Referring to fig. 2, in some embodiments, the first output module 400 includes: a first sub power supply, a first capacitor C1 and a first diode D1. The first sub power supply is used for providing a first sub power supply. One end of the first capacitor C1 is electrically connected to the first sub-power supply and one end of the first secondary inductor, respectively, and the other end of the first capacitor C1 is grounded. The anode of the first diode D1 is grounded, and the cathode of the first diode D1 is electrically connected to the other end of the first secondary inductor. Specifically, when the switch control module 200 is turned on, the voltage across the primary inductor of the transformer 300 is suddenly changed to the supply voltage Vin provided by the power module 100, and the primary inductor generates an induced voltage. Assuming that the first sub-power supply provides the first sub-power supply of 5V, the voltage of the cathode of the first diode D1 will be abruptly changed to VF1 ═ Vin/n1+5V, where n1 represents the winding turns ratio of the primary inductance and the first secondary inductance of the transformer 300. When the switch control module 200 is turned off, the transformer 300 performs a flyback process, that is, the current of the primary inductor is blocked, the voltage of the primary inductor reverses and starts to release energy, so that the first secondary inductor generates an induced current, the first diode D1 is turned on, thereby charging the first capacitor C1 and providing energy for the load connected with the first capacitor C1, and at this time, the output power is in phase with the power supply Vin. It is understood that the size of the first sub power supply provided by the first sub power supply can be adaptively adjusted according to the need.

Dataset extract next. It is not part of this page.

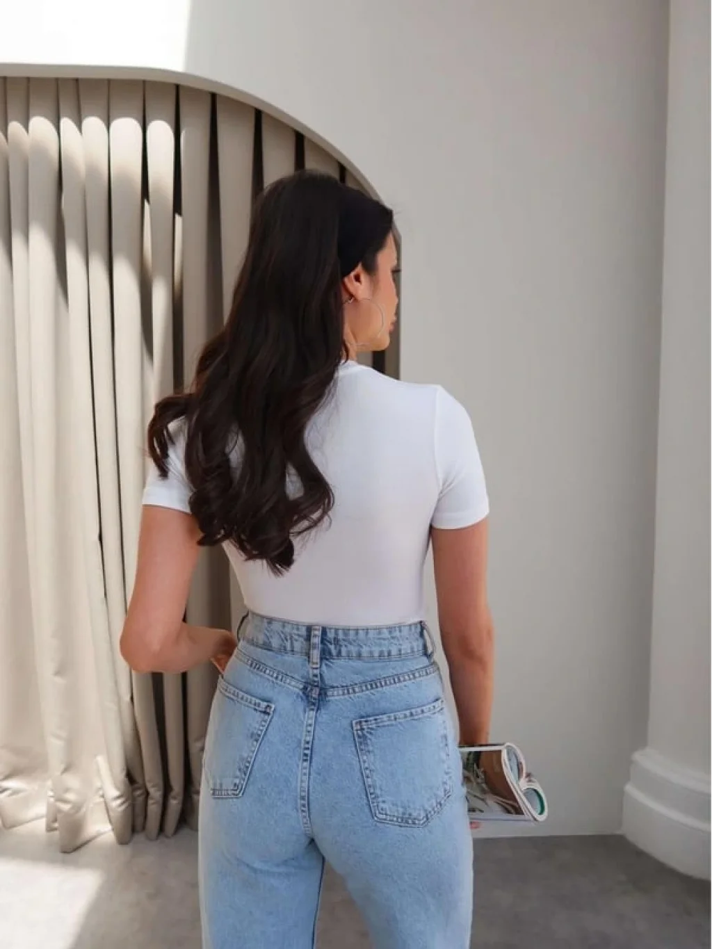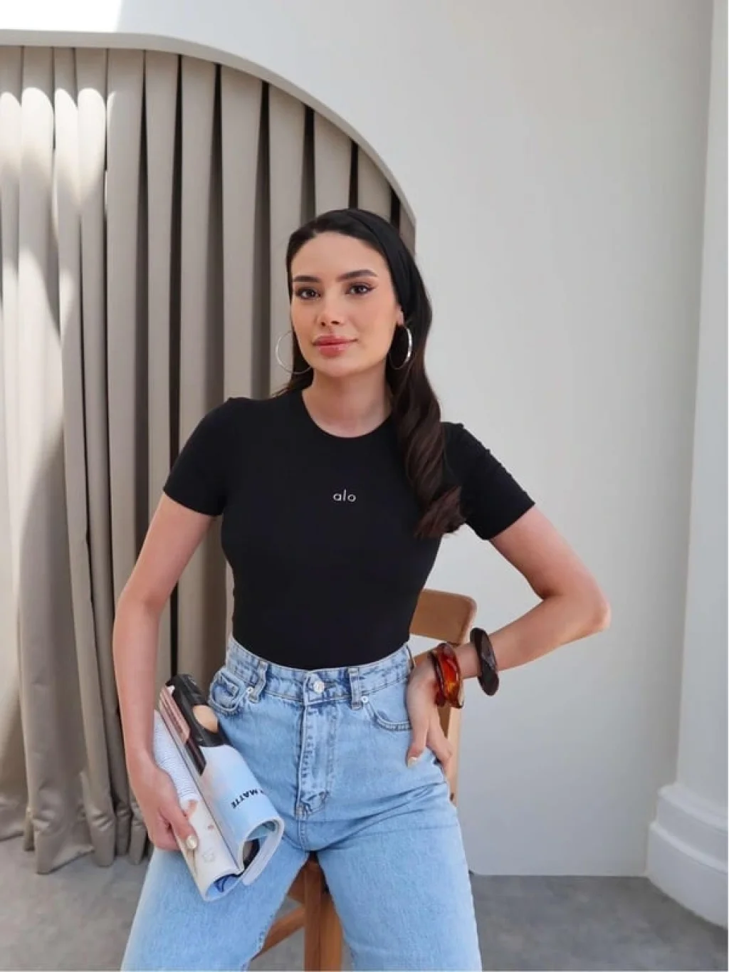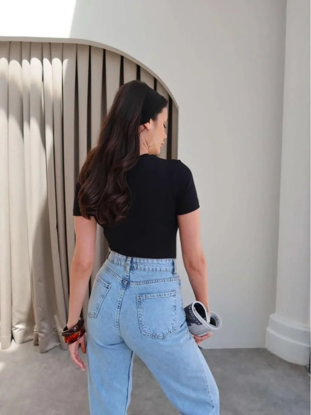 Basic tişört-bluz modeli, her tarz ve kombin ile uyumlu bir şekilde kullanılabilir.

In some embodiments, the second output module 500 includes: a second sub power supply, a second capacitor C2 and a second diode D2. The second sub power supply is used for providing a second sub power supply. One end of the second capacitor C2 is electrically connected to the second sub-power supply and one end of the second secondary inductor, respectively, and the other end of the second capacitor is grounded. The cathode of the second diode D2 is electrically connected to the other end of the second secondary inductor, and the anode of the second diode is grounded. Specifically, when the switch control module 200 is turned on, the voltage across the primary inductor of the transformer 300 is suddenly changed to the supply voltage Vin provided by the power module 100, and the secondary inductor generates an induced voltage. Assuming that the second sub-power supply provides 12V of second sub-power supply, the cathode voltage of the second diode D2 will be abruptly changed to VF2 ═ Vin/n2+12V, where n2 represents the winding turn ratio of the primary inductance and the second secondary inductance of the transformer 300. When the switch control module 200 is turned off, the transformer 300 performs a flyback process, that is, the current of the primary inductor is blocked, the voltage of the primary inductor reverses and starts to release energy, so that the secondary inductor generates an induced current, the second diode D2 is turned on, thereby charging the second capacitor C2 and providing energy for the load connected with the second capacitor C2, and at this time, the output power is in phase with the power supply Vin. It is understood that the size of the second sub power supply provided by the second sub power supply can be adaptively adjusted according to the need.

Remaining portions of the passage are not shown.